Over 80 common fragile sites have been identified in the human genome database (6). Common fragile sites are chromosomal regions that are observed in metaphase chromosomes. The genes in these regions are more susceptible to breakage, rearrangements and deletions compared with other genes (7,8). Studies have demonstrated that the genes associated with common fragile sites have important roles in carcinogenesis (7,8).
Carcinogenesis is a complicated multipathway processes involving genetic alterations, including the inactivation of tumor suppressor genes. Fragile histidine triad (FHIT) and WW-domain oxidoreductase (WWOX) are tumor suppressor genes that encompass the two most active common fragile sites. Since FHIT and WWOX were first identified by Ohta et al(9) and Bednarek et al(10), respectively, the loss or reduction of FHIT and WWOX expression has been shown to be an important step in the initiation of tumorigenesis in a variety of tumors, including those in the breasts, lungs, esophagus, kidneys and cervix (11–16). Despite the clear mechanism, evidence has demonstrated that possible synergy may exist between FHIT and WWOX in the pathogenesis of tumors.

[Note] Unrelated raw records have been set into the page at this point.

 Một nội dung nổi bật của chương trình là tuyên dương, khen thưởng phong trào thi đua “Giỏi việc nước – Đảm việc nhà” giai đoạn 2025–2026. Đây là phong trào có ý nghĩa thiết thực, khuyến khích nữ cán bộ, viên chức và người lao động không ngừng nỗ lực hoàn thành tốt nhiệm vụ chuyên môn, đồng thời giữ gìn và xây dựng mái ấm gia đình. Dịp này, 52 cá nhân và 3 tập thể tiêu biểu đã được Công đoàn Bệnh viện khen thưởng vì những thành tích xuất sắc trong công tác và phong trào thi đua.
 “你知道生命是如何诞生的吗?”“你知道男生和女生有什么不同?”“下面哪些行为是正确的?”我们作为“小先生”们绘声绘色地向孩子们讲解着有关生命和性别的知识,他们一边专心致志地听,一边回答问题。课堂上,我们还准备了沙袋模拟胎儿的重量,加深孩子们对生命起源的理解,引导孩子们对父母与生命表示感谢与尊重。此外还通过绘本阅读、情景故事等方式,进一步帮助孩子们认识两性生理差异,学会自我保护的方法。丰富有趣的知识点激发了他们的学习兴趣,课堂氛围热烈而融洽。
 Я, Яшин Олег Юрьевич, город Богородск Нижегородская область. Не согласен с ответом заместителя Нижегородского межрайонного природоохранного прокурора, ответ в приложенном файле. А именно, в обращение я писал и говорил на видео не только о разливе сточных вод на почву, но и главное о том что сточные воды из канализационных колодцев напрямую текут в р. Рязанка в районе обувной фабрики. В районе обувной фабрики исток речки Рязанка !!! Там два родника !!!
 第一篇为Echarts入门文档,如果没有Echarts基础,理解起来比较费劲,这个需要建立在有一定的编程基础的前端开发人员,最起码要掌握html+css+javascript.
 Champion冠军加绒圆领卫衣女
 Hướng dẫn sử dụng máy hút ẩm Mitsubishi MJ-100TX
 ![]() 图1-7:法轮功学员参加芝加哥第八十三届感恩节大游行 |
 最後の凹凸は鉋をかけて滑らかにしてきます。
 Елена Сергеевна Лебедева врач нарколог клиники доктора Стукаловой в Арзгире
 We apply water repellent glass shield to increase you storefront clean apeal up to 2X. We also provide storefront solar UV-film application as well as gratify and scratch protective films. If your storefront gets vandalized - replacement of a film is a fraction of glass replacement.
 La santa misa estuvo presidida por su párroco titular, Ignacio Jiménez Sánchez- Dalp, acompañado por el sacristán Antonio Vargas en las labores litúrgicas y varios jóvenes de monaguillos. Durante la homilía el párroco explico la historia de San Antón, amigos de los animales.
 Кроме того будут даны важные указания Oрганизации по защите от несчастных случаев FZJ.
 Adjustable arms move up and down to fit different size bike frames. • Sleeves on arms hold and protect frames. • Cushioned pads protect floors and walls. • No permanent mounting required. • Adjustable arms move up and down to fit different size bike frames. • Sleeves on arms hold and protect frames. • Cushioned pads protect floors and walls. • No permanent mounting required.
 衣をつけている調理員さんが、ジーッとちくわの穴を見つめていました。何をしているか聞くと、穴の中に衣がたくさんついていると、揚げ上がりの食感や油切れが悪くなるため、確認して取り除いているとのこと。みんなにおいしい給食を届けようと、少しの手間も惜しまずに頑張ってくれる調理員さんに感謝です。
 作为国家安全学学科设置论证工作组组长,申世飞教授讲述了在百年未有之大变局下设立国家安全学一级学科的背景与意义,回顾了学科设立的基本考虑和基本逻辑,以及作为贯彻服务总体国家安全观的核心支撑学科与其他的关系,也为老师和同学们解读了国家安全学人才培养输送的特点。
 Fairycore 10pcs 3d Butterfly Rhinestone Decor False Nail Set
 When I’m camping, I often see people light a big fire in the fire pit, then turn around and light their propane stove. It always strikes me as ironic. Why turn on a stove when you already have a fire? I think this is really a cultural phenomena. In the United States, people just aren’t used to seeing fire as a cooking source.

p73 is another tumor suppressor gene, which was identified in 1997 by Kaghad et al(17) and is considered to regulate cell growth and induce a cell-cycle blockade and cell apoptosis. Given the functional similarity between p53 and p73, it is not unreasonable to suppose that p73 may also be important for the inhibition of cancer development. It has been reported that WWOX interacts with p73 via its first WW domain and promotes the expression of p73 (18). The tyrosine kinase, Src, phosphorylates WWOX at tyrosine 33 in the first WW domain and enhances its binding to p73. Furthermore, the high WWOX expression level boosts the expression of p73 and triggers the redistribution of nuclear p73 to the cytoplasm, resulting in the promotion of cell apoptosis (18). Therefore, the loss of WWOX expression may decrease or suppress the functional role of p73 in apoptosis, which may lead to the occurrence of tumors. All these findings demonstrate that WWOX, FHIT and p73 have important roles in the pathogenesis of tumors and that WWOX may cooperate with FHIT and p73 in the development of tumors.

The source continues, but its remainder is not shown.